Wednesday, August 26th, 2009

If there’s one question that investors have asked themselves over the past year and a half, it’s that one. If only I had acted differently, they say. If only, if only, if only.

Yet here’s the problem: While we know that we made investment mistakes, and vow not to repeat them, most people have only the vaguest sense of what those mistakes were, or, more important, why they made them. Why did we think and feel and behave as we did? Why did we act in a way that today, in hindsight, seems so obviously stupid? Only by understanding the answer to these questions can we begin to improve our financial future.

This is where behavioral finance comes in. Most investors are intelligent people, neither irrational nor insane. But behavioral finance tells us we are also normal, with brains that are often full and emotions that are often overflowing. And that means we are normal smart at times, and normal stupid at others.

The trick, therefore, is to learn to increase our ratio of smart behavior to stupid. And since we cannot (thank goodness) turn ourselves into computer-like people, we need to find tools to help us act smart even when our thinking and feelings tempt us to be stupid.
Let me give you one example. Investors tend to think about each stock we purchase in a vacuum, distinct from other stocks in our portfolio. We are happy to realize “paper” gains in each stock quickly, but procrastinate when it comes to realizing losses. Why? Because while regret over a paper loss stings, we can console ourselves in the hope that, in time, the stock will roar back into a gain. By contrast, all hope would be extinguished if we sold the stock and realized our loss.

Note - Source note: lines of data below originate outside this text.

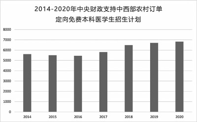 2010年起,为提高我国农村医疗卫生服务水平,补充中西部地区乡镇卫生院的全科医生,国家开始实施“农村订单定向医学生免费培养计划”,至今已实施10年。自2017年,国家免费医学生招生计划明显增加,本科阶段招生计划人数由以前的5000余人,逐步增长到了2020年6822人。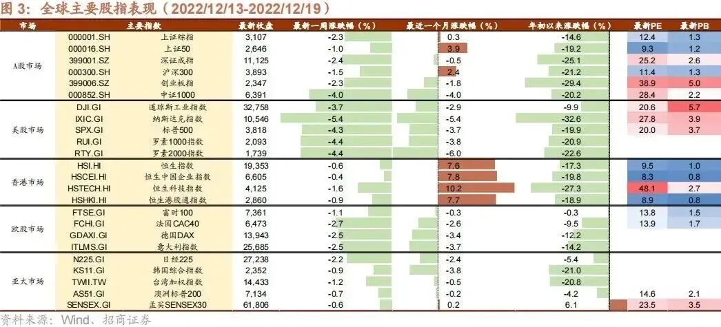 上周全球股市普跌。美股方面,道指、纳指、标普分别下跌3.7%、5.4%、4.3%。过去一周市场主要关注美联储议息会议、美联储主席记者会讲话、美国经济数据、欧洲央行议息会议等方面。美联储议息会议方面,12月14日,美联储货币政策委员会FOMC会后宣布,将政策利率联邦基金利率的目标区间从3.75%至4.00%上调到4.25%至4.50%,加息幅度50个基点。这是美联储在连续4次加息75bps后,首次将加息幅度放缓至50bps,也是市场最近一段时间交易政策变化的二阶拐点。美联储继续上调明后年利率预期,明年达到的利率峰值上调50个基点至5.1%,并重申利率指引:承认加息影响有滞后性、强烈承诺让通胀降至2%、认为适合继续加息;继续重申高度关注通胀风险、缩表按5月计划进行。点阵图显示近九成官员预计明年利率超过5.0%,上次无一人预计高于此水平;本次超七成官员预计后年利率高于4.0%,上次这样预测的不足三成。美联储小幅上调今年GDP增速预期,继续下调明后两年GDP预期,上调明年到2025年的失业率预期,上调今明后三年PCE通胀预期,预计2025年PCE通胀接近联储目标2%。美联储主席记者会讲话方面,12月14日,在美联储公布最新利率决议后,美联储主席鲍威尔召开记者会,就美联储的加息路径、美国宏观经济、劳动力市场等议题发表看法。鲍威尔在记者会上称,通胀连降两个月并不值得自满。他强调,美联储正接近实现有效的限制性利率水平,预计将在压低美国高通胀方面加速取得进展,美联储必须在一段时间内将政策保持在限制性水平,要恢复价格稳定还有很长的路要走。美联储强烈考虑将下次加息幅度调整到25个基点。他认为本轮加息周期美联储行动非常迅速,现在适当的做法是放慢加息步伐,也将使美联储更好地平衡风险。美联储将不会考虑修改2%的通胀目标。他也强调,无法确认FOMC不会再上调利率终值,在对通胀回落至2%有信心之前,美联储不会降息。美国经济数据方面,12月15日,美国商务部公布的数据显示,美国11月零售销售环比为-0.6%,低于市场预期的-0.2%,前值为1.3%,环比增速创去年12月以来最小纪录。扣除汽车和汽油后,11月核心零售销售环比为-0.2%,低于市场预期的0.2%,前值为0.9%,为今年3月以来首次下降。12月16日,12月Markit美国PMI数据显示,当月服务业PMI初值降至44.4,创8月份以来新低,且连续六个月萎缩;综合PMI初值降至44.6,为2009年有数据记录以来最糟糕的表现之一,并且远低于预期,和其他主要经济体上涨的趋势背道而驰;制造业PMI初值降至46.2,为2020年5月以来最低。欧洲央行议息会议方面,12月15日,欧洲央行公布最新政策决议,如期放缓加息步伐,将三大主要利率均上调50个基点。加息后,欧洲央行边际贷款利率为2.75%,主要再融资利率为2.5%,存款便利利率为2%,达2008年12月以来最高。欧洲央行表示,预计将进一步加息,未来的利率路径将取决于数据,利率需要有足够的限制性(2%以上为限制性水平)。同时指出,将于明年3月以审慎有度、可预测的步伐启动量化紧缩。欧洲央行一方面下调经济增长预测,预计由于能源危机、高度不确定性、全球经济活动减弱和融资条件收紧,欧元区经济可能在2022年四季度和2023年一季度陷入萎缩,并且预计在近期的萎缩后,经济将恢复增长;另一方面上调CPI增速预期,预计到2025年通胀将会回归到2%的目标区间。对于近期有所下降的通胀,欧洲央行认为,通胀下降主要是能源价格通胀降低所致。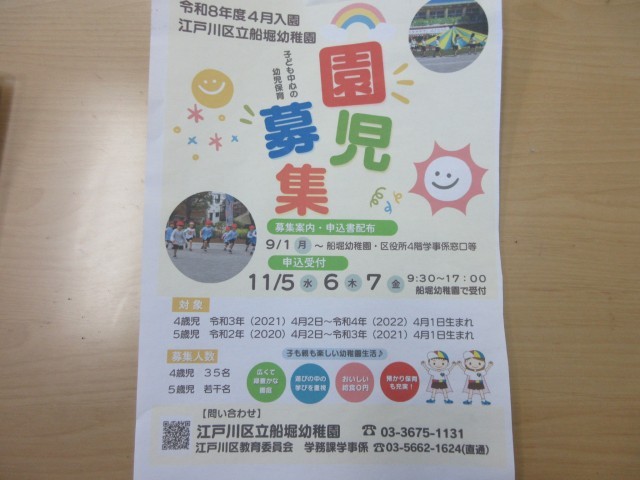 募集要項を配布しておりますので、ご希望の方は園までお越しください。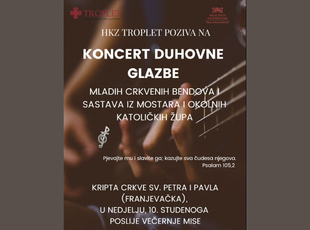 U nedjelju, 10. studenog u 19 sati, poslije večernje svete mise, u kripti župne crkve Sv. Petra i Pavla u Mostaru, u sklopu "Tropletovih dana kulture 2019" bit će uprilčen koncert duhovne glazbe.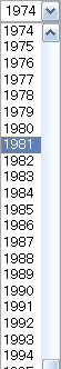 本当は「1975」を選択したかったのに、「1974」や「1973」になってしまい、またボタンを押して選択し直さないといけない。。。かなり面倒。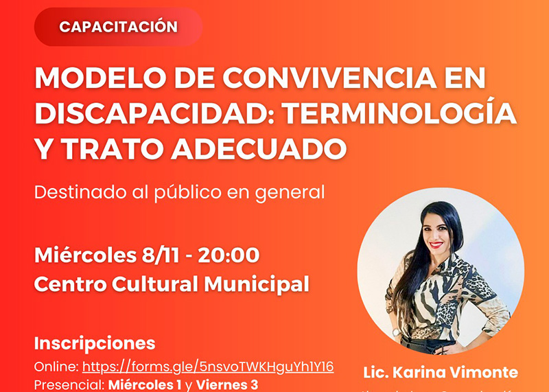 El Municipio a través de la Secretaría de Desarrollo Humano, brindará este martes 7 y miércoles 8 de noviembre una capacitación: Modelo de convivencia en discapacidad: Terminología y trato adecuado, destinado a medios de comunicación, funcionarios municipales y público en general. Las capacitaciones se llevarán a cabo en esta primera jornada destinada a medios de comunicación y funcionarios municipales; en tanto que el día siguiente será para el público en general.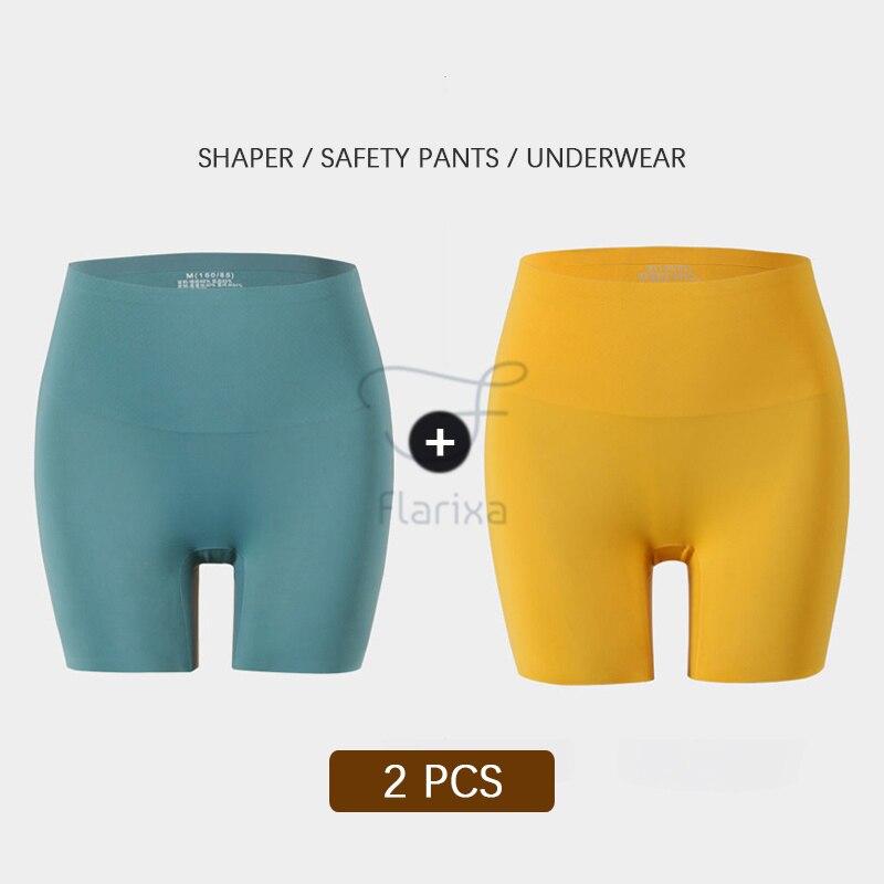 Flarixa, 2 шт., 3 в 1, защитные брюки, бесшовные женские шорты с высокой талией, корректирующее фигуру, нижнее белье размера плюс, тонкие трусы-боксеры из ледяного шелка XXL жёлтый/зелёный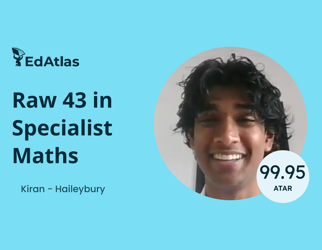 “Working with Rob very largely contributed to my ATAR – without him it would not have been possible to get my 99.95. I think that Rob in particular pushed me to aim for something above a 50 [scaled]. One of my biggest memories at EdAtlas was when Rob had this chat about study skills – about how we should behave and live our lives and habits outside of simply Specialist Maths – for me this was something that really stood out – because Rob was looking out for how we did, our whole VCE and ATAR experience as opposed to just Specialist Maths – this was something that made EdAtlas really stand out from other tutors.”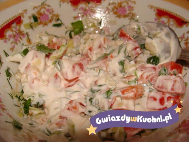 Pomidora należy dokładnie umyć pod bieżącą wodą następnie osuszyć i pokroić w kawałki, cebulkę należy posiekać w drobną kosteczkę, wszystko wrzucić do salaterki. Do warzyw należy dodać koperek i natkę pietruszki, oliwę oraz śmietanę, przyprawić do smaku solą i pieprzem, następnie dokładnie wymieszać.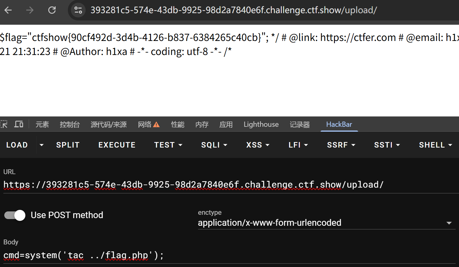 通过 auto_prepend_file,我们可以让 PHP 在执行脚本之前,主动去包含一个我们可控的文件。由于题目环境中 allow_url_include = On,这一包含可以是远程 URL,从而实现 RFI。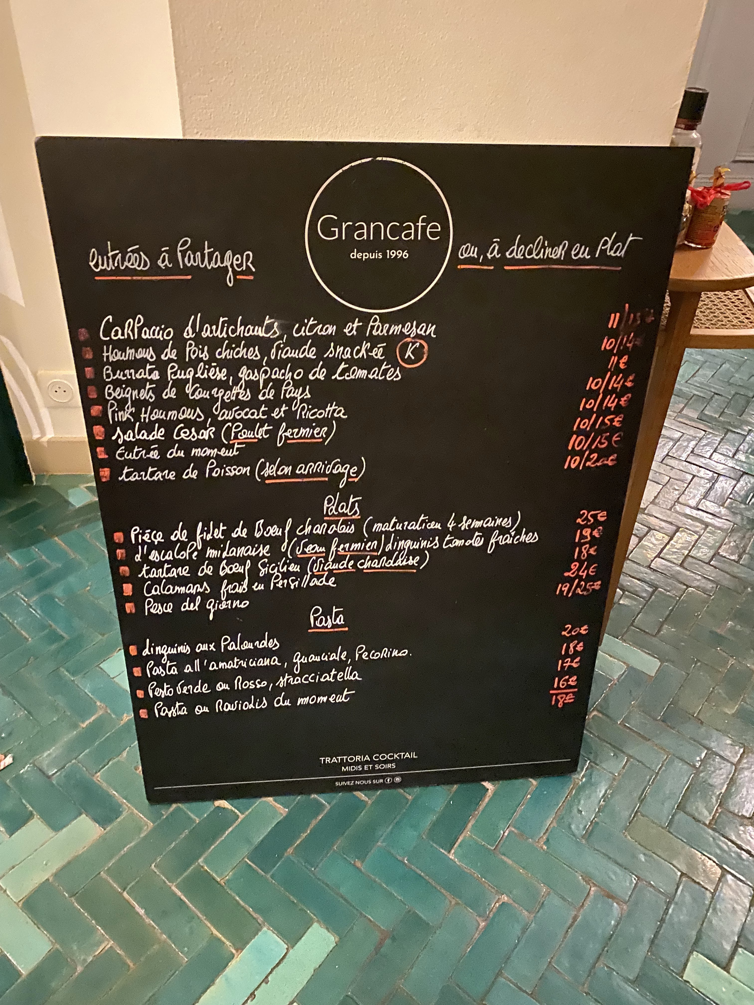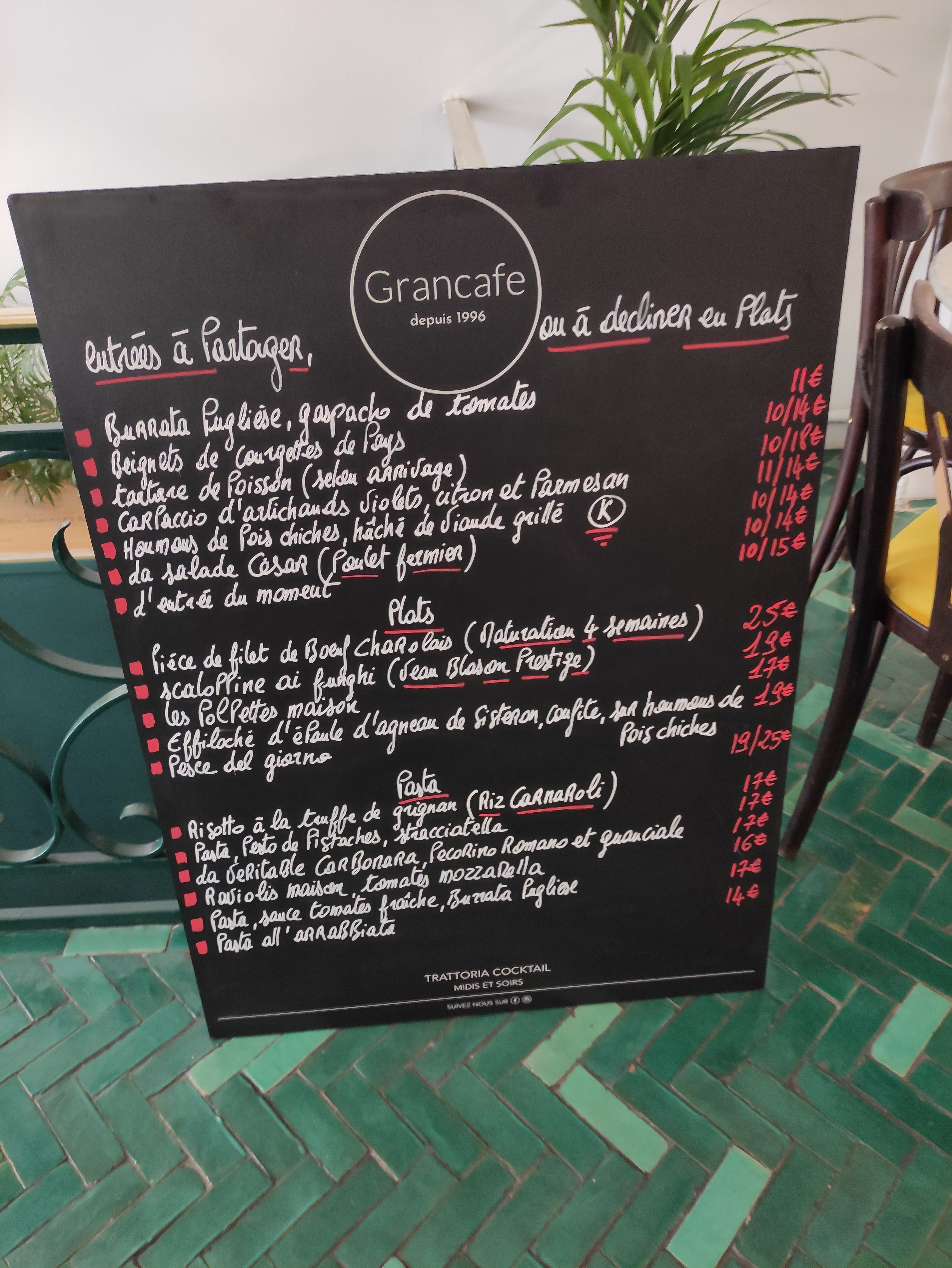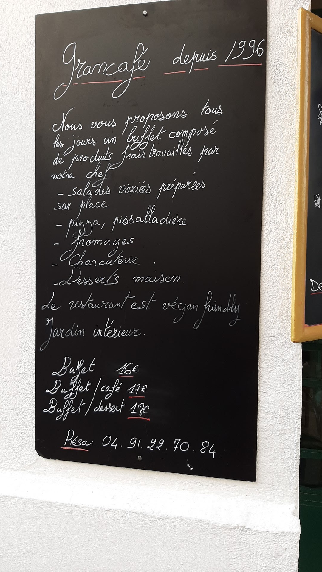 La seule raison pour ne pas donner 5xxxxx à cette excellente adresse est l'incohérence entre le NOM (consonnance ibérique, évoquant le bar espagnol à tapas et avec comptoir au bar) et ce qu'est le Gran Café : un restaurant à la déco agreablement provençale, à la cuisine inventive et joliment maitrisée, à un accueil de bonne facture (elegance et affabilité), à un espace dinatoire elegant (noter la presence d'un patio), le tout à des prix acceptables. Une adresse gustative vraiment seduisante. Allez-y !

We would feel the searing pain of regret. So we do pretty much anything to avoid that pain—including holding on to the stock long after we should have sold it. Indeed, I’ve recently encountered an investor who procrastinated in realizing his losses on WorldCom stock until a letter from his broker informed him that the stock was worthless.

Successful professional traders are subject to the same emotions as the rest of us. But they counter it in two ways. First, they know their weakness, placing them on guard against it. Second, they establish “sell disciplines” that force them to realize losses even when they know that the pain of regret is sure to follow.

So in what other ways do our misguided thoughts and feelings get in the way of successful investing—not to mention increasing our stress levels? And what are the lessons we should learn, once we recognize those cognitive and emotional errors? Here are eight of them.

No. 1

Goldman Sachs is faster than you.

There is an old story about two hikers who encounter a tiger. One says: There is no point in running because the tiger is faster than either of us. The other says: It is not about whether the tiger is faster than either of us. It is about whether I’m faster than you. And with that he runs away. The speed of the Goldman Sachses of the world has been boosted most recently by computerized high-frequency trading. Can you really outrun them?

It is normal for us, the individual investors, to frame the market race as a race against the market. We hope to win by buying and selling investments at the right time. That doesn’t seem so hard. But we are much too slow in our race with the Goldman Sachses.

So what does this mean in practical terms? The most obvious lesson is that individual investors should never enter a race against faster runners by trading frequently on every little bit of news (or rumors).

Instead, simply buy and hold a diversified portfolio. Banal? Yes. Obvious? Yes. Typically followed? Sadly, no. Too often cognitive errors and emotions get in our way.

No. 2

The future is not the past, and hindsight is not foresight.

Wasn’t it obvious in 2007 that financial institutions and financial markets were about to collapse? Well, it was not obvious to me, and it was probably not obvious to you, either. Hindsight error leads us to think that we could have seen in foresight what we see only in hindsight. And it makes us overconfident in our certainty about what’s going to happen.

Want to check the quality of your foresight? Write down in permanent ink your forecast of tomorrow’s stock prices. Do that each day for a year and check the accuracy of your predictions. You are likely to find that your foresight is not nearly as good as your hindsight.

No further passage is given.